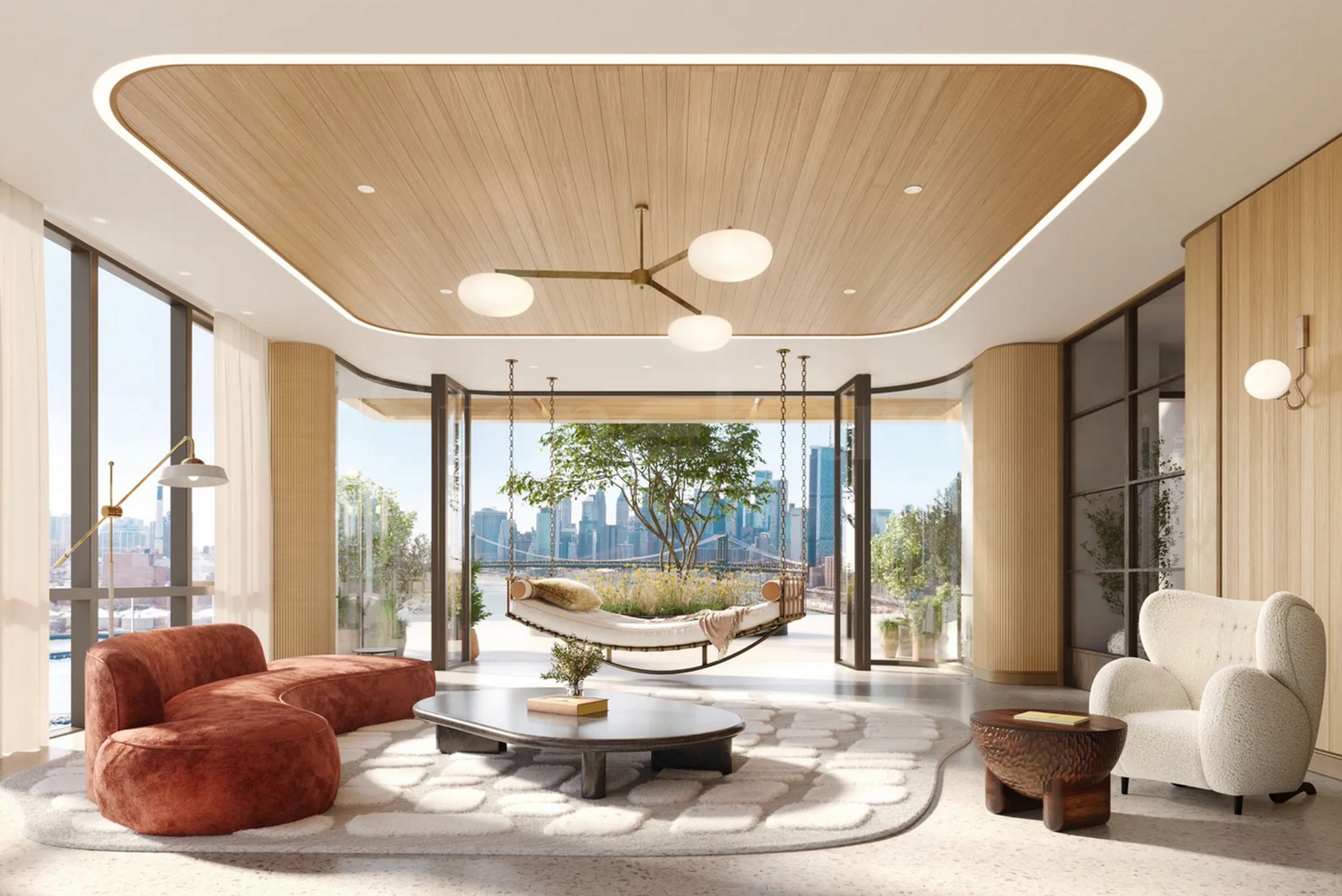 At One Williamsburg Wharf, the interior spaces are designed with ultimate comfort, productivity and enjoyment in mind. Elegant private lounges, entertainment rooms, a cinema, a library, shared workspaces, as well as quiet green areas are ideal for meditation, focus and inspiration, or simply enjoying the sunrise over the river. Whether you are holding a business meeting or sharing a glass of wine with friends, the atmosphere is always stylish, cozy and inspiring.
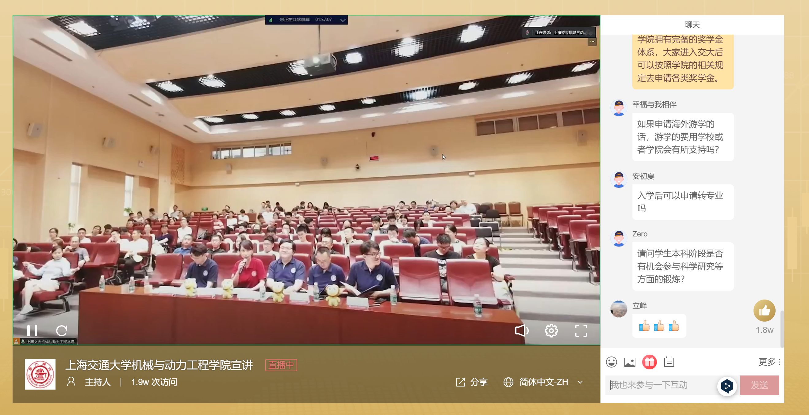 6月16日,上海交通大學(xué)“校園開放日”機(jī)械與動(dòng)力工程學(xué)院專場(chǎng)活動(dòng)順利舉行。本次活動(dòng)采用線上線下相結(jié)合的形式,來自全國(guó)各地的考生及家長(zhǎng)通過聆聽宣講、問詢交流、觀覽視頻、參觀實(shí)驗(yàn)室等,深入了解了學(xué)院專業(yè)建設(shè)、人才培養(yǎng)模式、畢業(yè)發(fā)展方向等,2萬(wàn)余名學(xué)生及家長(zhǎng)參加了活動(dòng)。
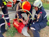 Im ersten Teil wurde der richtige Aufbau einer Löschschaumleitung für den Leicht-, Mittel- und Schwerschaum geübt.

★ ★ ★

* What is needed
Using the data above, print every line exactly, omitting pictures.

* Reply
 At One Williamsburg Wharf, the interior spaces are designed with ultimate comfort, productivity and enjoyment in mind. Elegant private lounges, entertainment rooms, a cinema, a library, shared workspaces, as well as quiet green areas are ideal for meditation, focus and inspiration, or simply enjoying the sunrise over the river. Whether you are holding a business meeting or sharing a glass of wine with friends, the atmosphere is always stylish, cozy and inspiring.
 6月16日,上海交通大學(xué)“校園開放日”機(jī)械與動(dòng)力工程學(xué)院專場(chǎng)活動(dòng)順利舉行。本次活動(dòng)采用線上線下相結(jié)合的形式,來自全國(guó)各地的考生及家長(zhǎng)通過聆聽宣講、問詢交流、觀覽視頻、參觀實(shí)驗(yàn)室等,深入了解了學(xué)院專業(yè)建設(shè)、人才培養(yǎng)模式、畢業(yè)發(fā)展方向等,2萬(wàn)余名學(xué)生及家長(zhǎng)參加了活動(dòng)。
 Im ersten Teil wurde der richtige Aufbau einer Löschschaumleitung für den Leicht-, Mittel- und Schwerschaum geübt.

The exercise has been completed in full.